The classic review of the field is by Hanggi, Talkner, and Borkovec. The figures in this post are from a paper by Riseborough, Hanggi, and Freidkin.
In the full quantum problem one must include the effects of quantum tunneling
below the potential barrier and the effects of the friction/environment.
Significant progress was made beginning in 1975 when Bill Miller (a chemist) showed that in the semi-classical limit tunneling through a potential barrier V(q) could be described by a periodic solution to the classical equations of motion for the inverted potential -V(q).
This corresponds to motion in imaginary time, tau.
Two trivial (but physically important) solutions are the constant solutions corresponding the top of the barrier and the reactant position.
At finite temperature T the periodic solution must have period (in imaginary time) equal to theta = hbar/(k_B T).

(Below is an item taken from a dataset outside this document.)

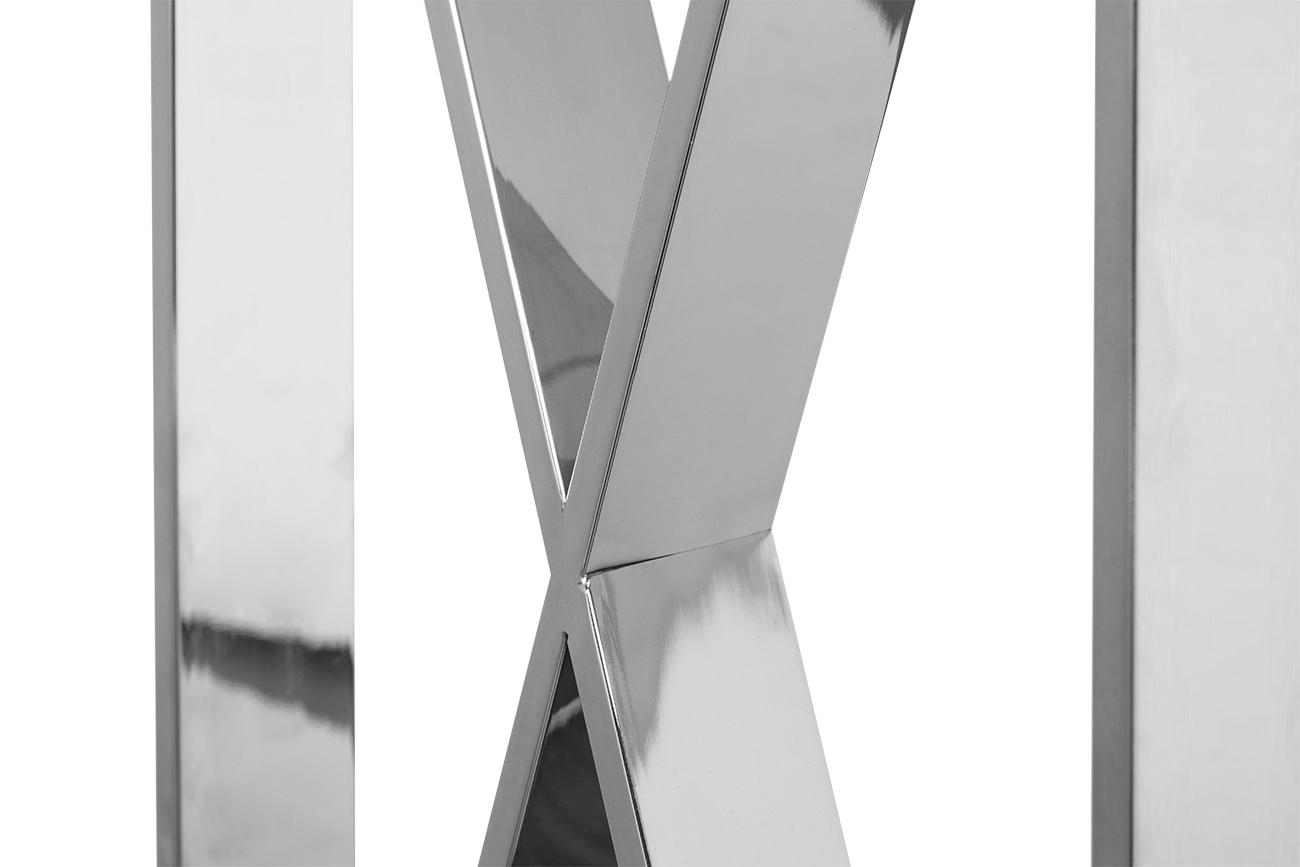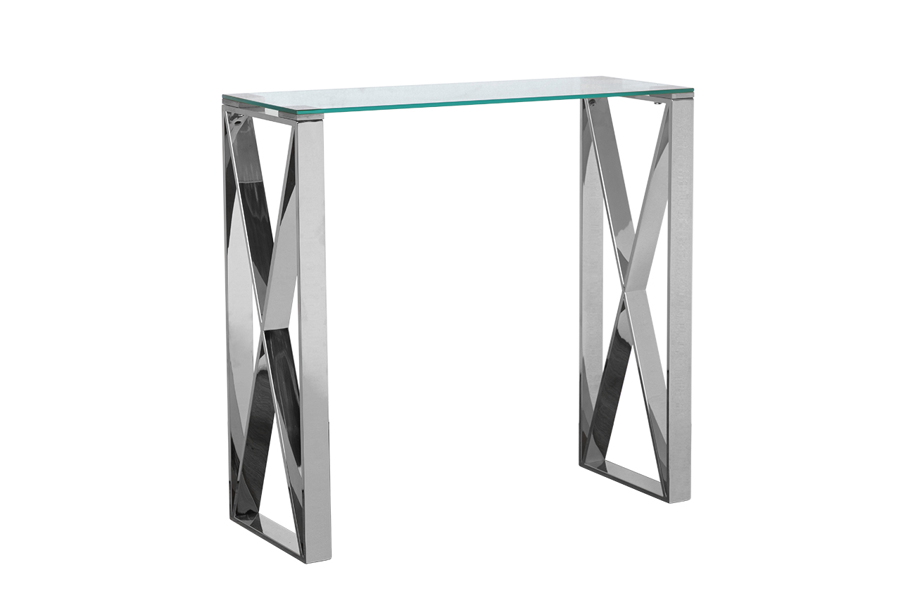Если вы предпочитаете стиль модерн или нео-классика, то вам понравится представленная консоль в современном стиле. Разработанная талантливыми дизайнерами, эта вещь словно притягивает к себе восхищенные взгляды. Такая консоль со стеклом украсит вашу гостиную или любую другую комнату. Вещь предельно компактная, а прозрачная столешница и тонкие грани металлического основания еще более облегчают конструкцию. Поэтому изделие выглядит практически невесомым и очень изящным. Данная хромированная консоль может быть использована как подставка для разных мелочей – сувениров, фоторамок, засушенных букетов цветов. Однако она вполне красиво смотрится и как самодостаточный предмет интерьера.

The value of the action for this periodic solution determines the transmission probability and agrees with the WKB approximation. This periodic solution is known as the "bounce" and after it was re-discovered by physicists in 1977 as the "instanton." Examples of bounce solutions for different temperatures are shown below.
The bottom right figure corresponds to the lowest temperature and most of the imaginary time trajectory is spent near q=0, i.e., at the bottom of the potential and corresponds to tunneling from the bottom of the well.
The bounce solution only exists if the temperature is sufficiently low and the curvature of the potential barrier large enough.
If not, no tunneling below the barrier occurs. i.e., the reaction can only proceed via activation over the barrier.
In the early 1980's Caldeira and Leggett showed with path integral methods how the effects of dissipation due to the environment could be included. Again, tunneling is described by a periodic solution to motion in an inverted potential with a non-local "frictional" force.
Again tunneling only occurs if the temperature is sufficiently low.